I think perhaps this thing I have about gratefulness is a result of fear.
I am afraid that one day, I’ll wake up and everything will have changed – or for that matter—nothing EXCEPT one key, monumentally important thing has changed – and not for the good. And then I’ll be looking back on the day before and wonder how was it that I didn’t know. How was it that I didn’t realize all that I had?
My thinking about gratitude goes back a long, long time—even before codifying it with the inauguration of my running watch’s alarm. I remember working really late at CBS/Fox – 10:00/11:00 pm — leaving the office to go down to the street (6th avenue and 48th ) where a car service waited to take me home. And I remember thinking that however tired I was and however much I was pissed that I was working so late and that no one appreciated me, I was really, really grateful that I had a job where I could call for a Town car to come pick me up! And I remember thinking that at some point, maybe I wouldn’t have a job like that and I would look back at these times and wonder why I didn’t appreciate them more.
So maybe a certain soupçon of anxiety is in the recipe for my gratitude. I never want to wake up and think to myself why didn’t I appreciate the job more, before I got too old/sick /bored to do it well.
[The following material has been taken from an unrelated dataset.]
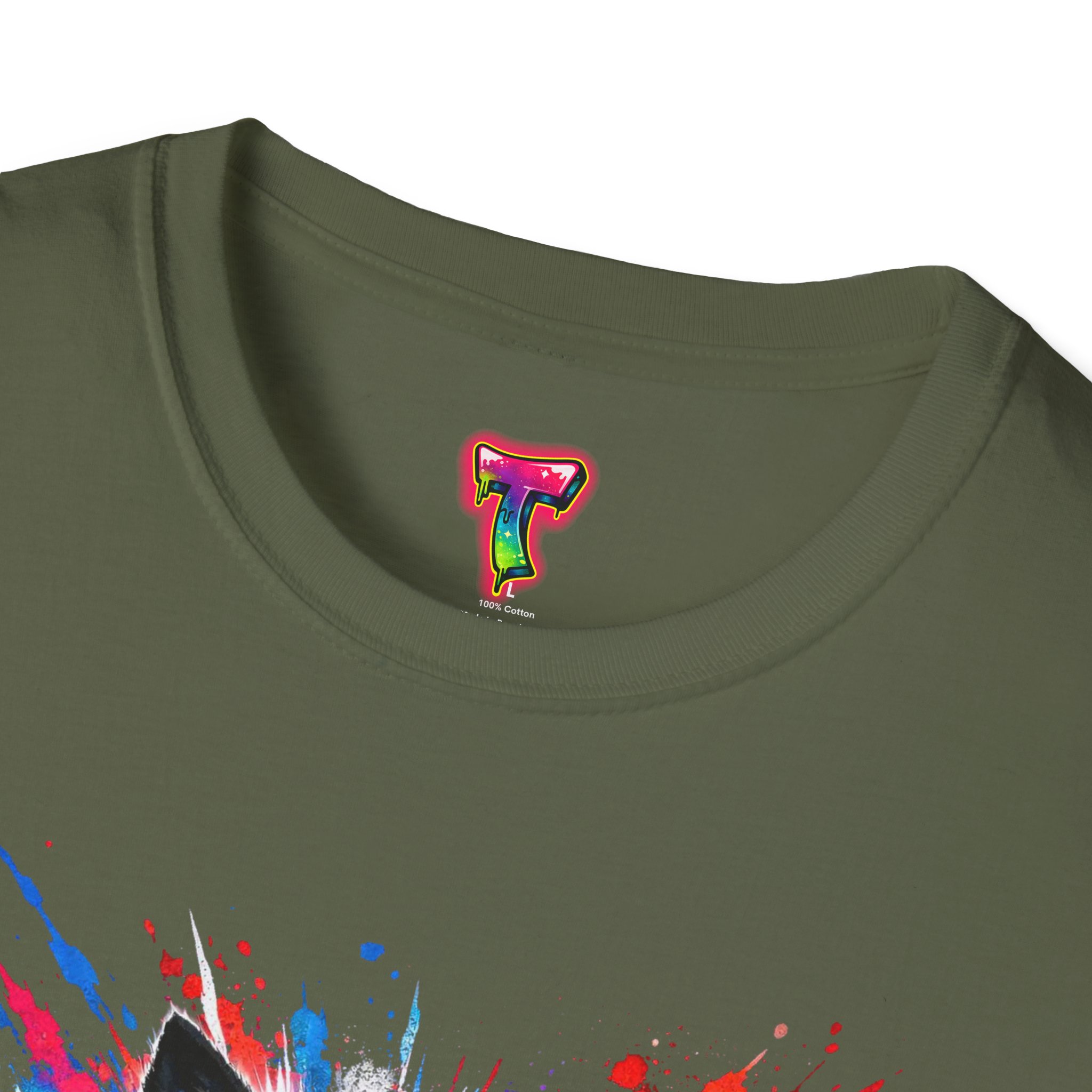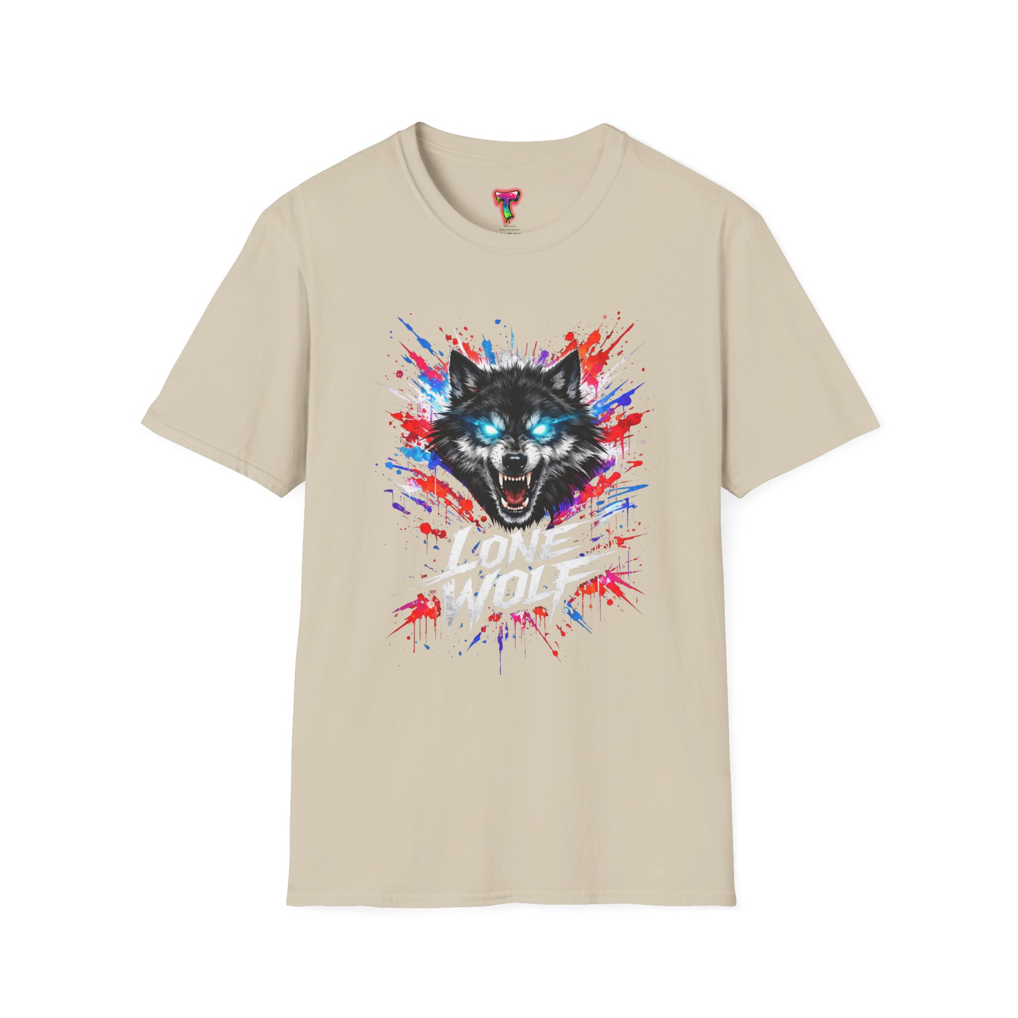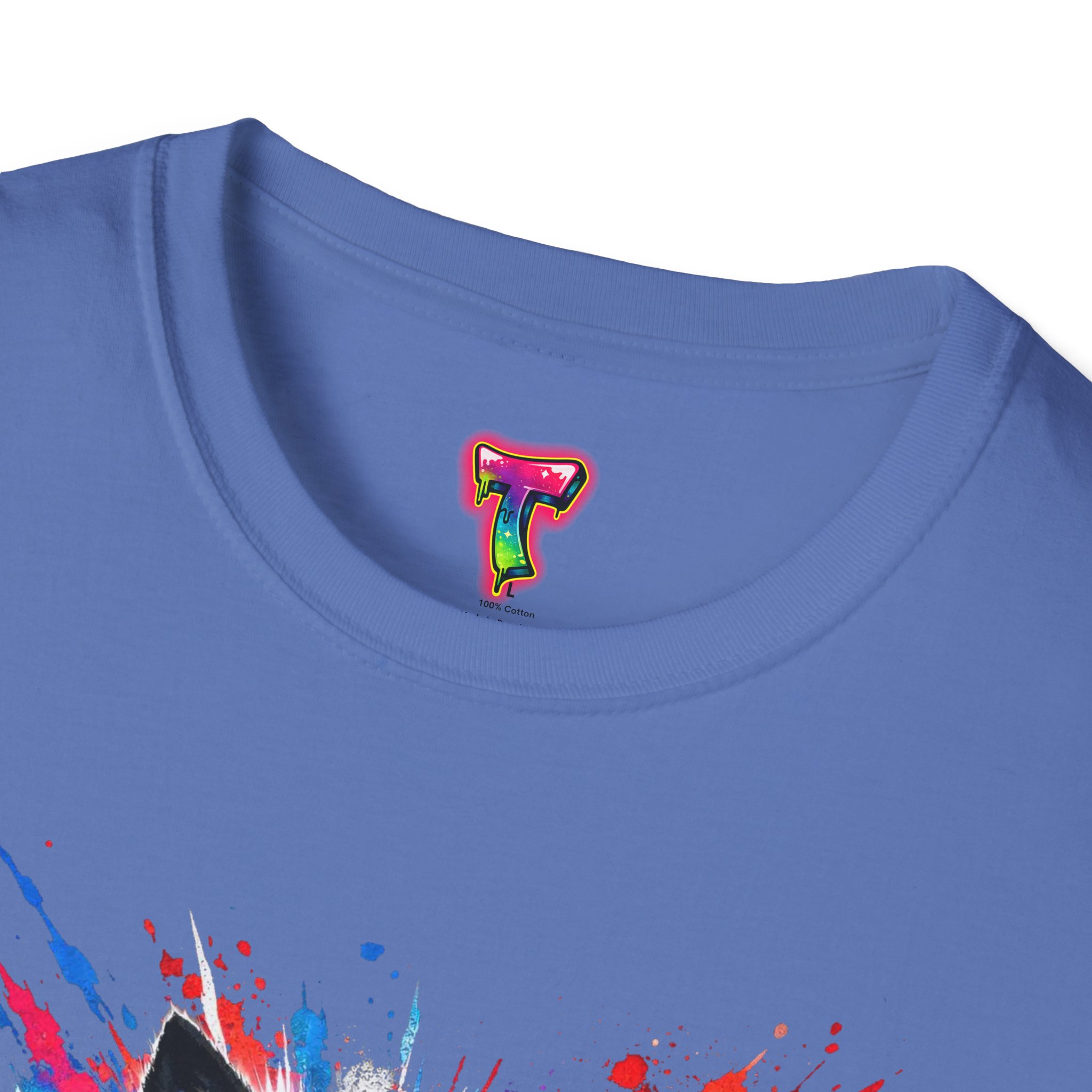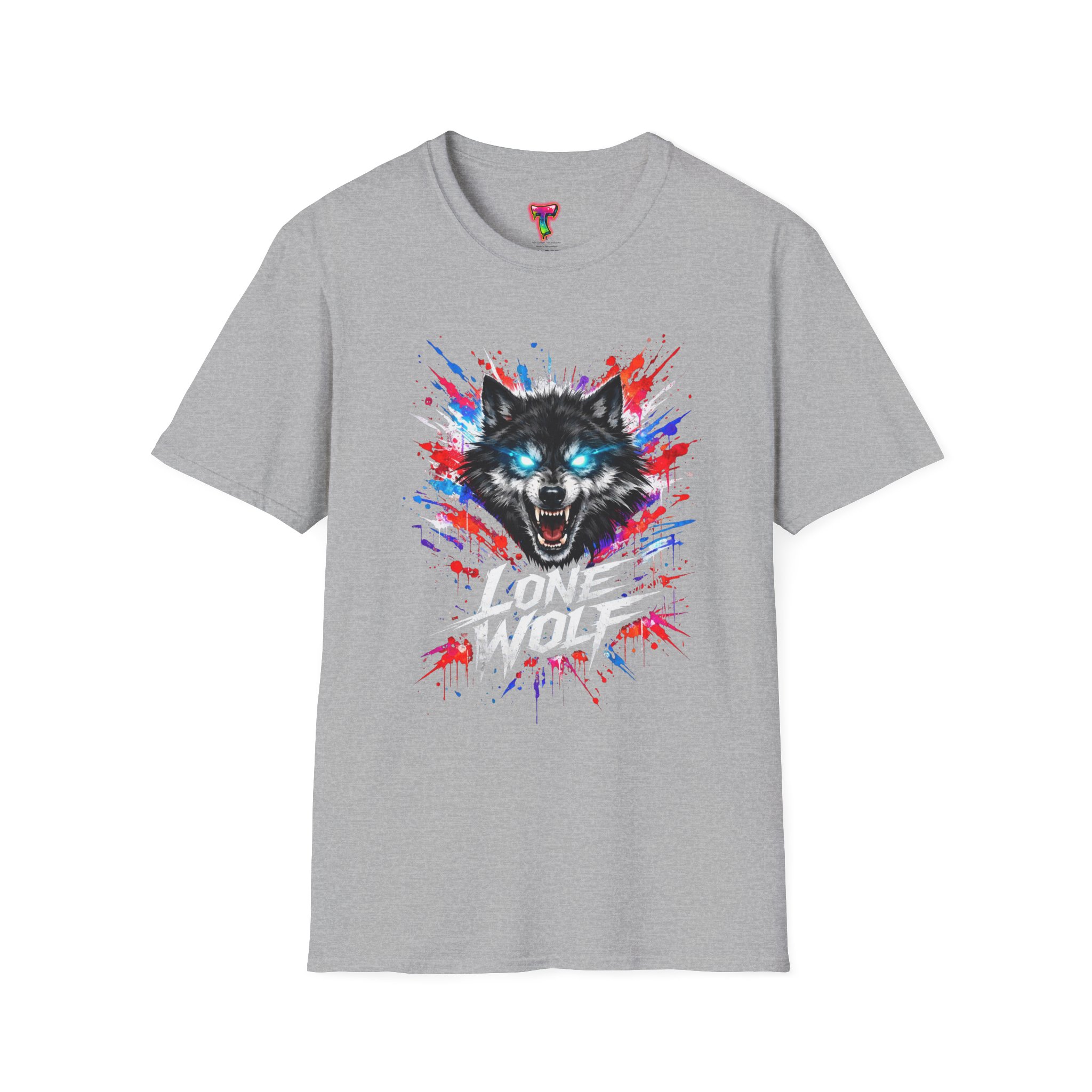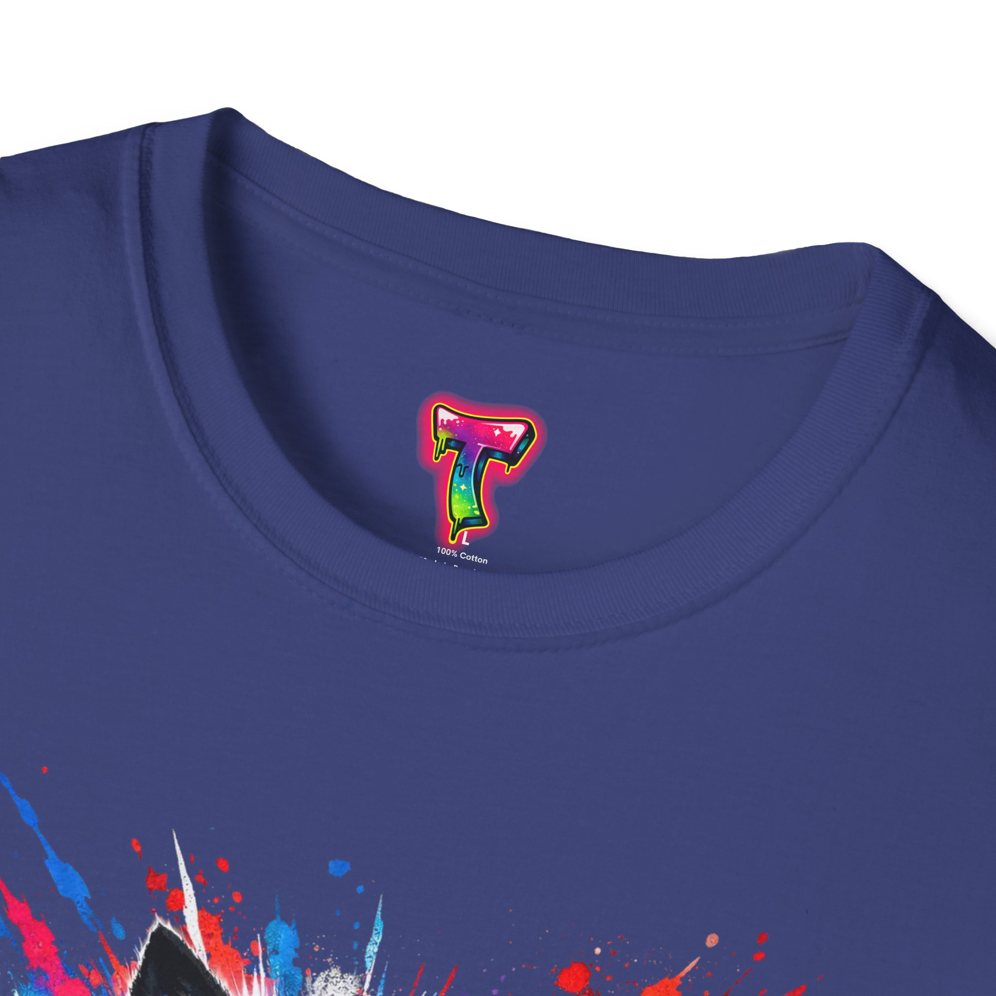 This lightweight cotton tee wears like a second skin and roars with attitude. A vivid, snarling wolf design bursts from the chest in electric blues and splashes of red, giving the shirt a raw, energetic edge. It’s breathable for long days and sturdy enough to keep the print crisp wash after wash. Wear it layered under a jacket for late-night street runs or alone when you want to stand out at a show. The tactile ribbed collar and tear-away label keep comfort front-and-center, while the tubular knit silhouette gives a clean, seamless look. This shirt fits into an adventurous wardrobe—lived-in, loud, and unapologetically bold.

Or why wasn’t I more grateful for the friends that I have before they’re gone.
I don’t really think fear should be the motivating factor for anything, but yet… If fear of a heart attack makes you lose weight, not so bad. Kudos to fear. If trepidation makes one study even harder for an exam, not so shabby. And another point for fear. If my anxiety that I won’t fully appreciate all that I have until it’s gone, makes me kiss David extra hard each morning, hug each friend I see, use my cats as blankets as I watch television and suck the juice, pulp and all, out of each day, well then is it really fear? Or is it taking time to be grateful?